The Giver Fishbowl

Hello! These are my notes for The Giver’s fishbowl presentation.

Characters

Jonas: Jonas is a 12 year old who’s chosen to be the new receiver of knowledge; someone who receives the memories of the community that the elders decide the public doesn’t need to know, whether they’re deemed dangerous, unimportant, or are of no use to anyone in the community.

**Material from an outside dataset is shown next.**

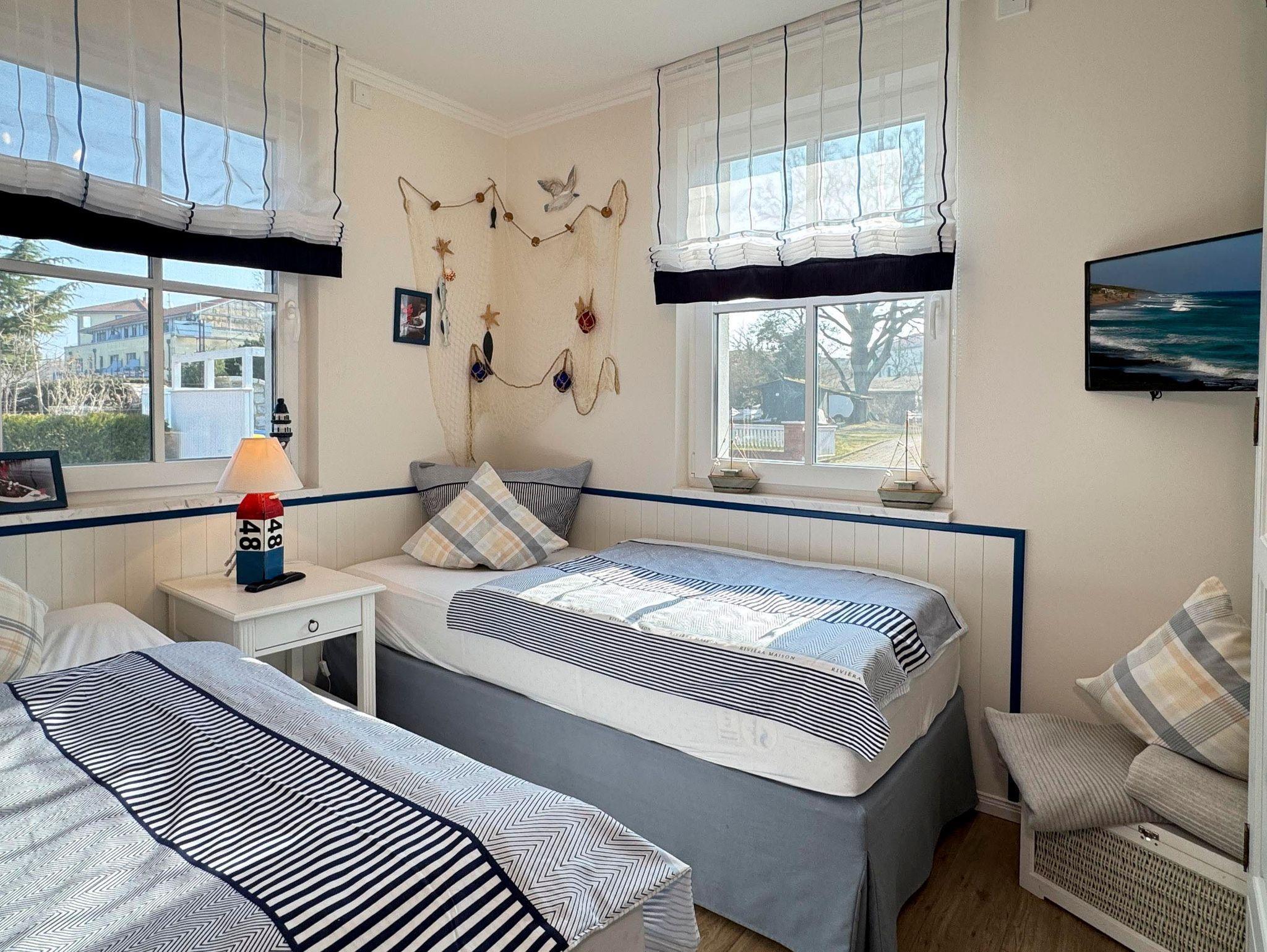 Willkommen in der Ferienwohnung Käpt'n Adi in Zingst! Diese exklusive und liebevoll eingerichtete Unterkunft bietet auf 76 m² Platz für bis zu 4 Personen und verbindet modernen Komfort mit maritimem Flair.

The Giver: The Giver is the person, presumably in his late 80’s, who was the previous receiver of knowledge and is given the task of training Jonas to become the next Giver.

Plot to chapter 10.

Jonas is chosen at the ceremony of 12’s, to become the new Receiver of Knowledge. The ceremony can be considered as one big formal birthday party for anyone under twelve, where they get their roles in the community. The community is described as a place where people don’t work on anything asides from their assigned job, schooling, and being a part of their family unit. We can assume this means that people are being given very little freedom, although no one contests this in the book. Another thing to note is that Jonas’s family is given an infant named Gabe, who’s having more difficulty developing, to take care of. Although this isn’t important until later chapters. The Giver shows Jonas memories like snow, gives him the ability to see colour, shows him what animals are, and also shows him painful things like War, Ivory hunting, and what it’s like to have broken limbs.

My thesis statement

The book shows us that having memories and being aware of what goes on beyond our own lives is part of what makes us what we are today.

Evidence

  • Animals are unheard of in the story, as in when Jonas tells his younger sister that her stuffed Elephant used to be real, she doesn’t believe him and calls him crazy.
  • No one knows what it’s like to be at war with another country, and therefor don’t understand the aftermath of it.
  • Being taken care of, like how people are brought food and then having their leftovers taken away by people, makes them very codependent on the community, rendering them unfit to ever live without it.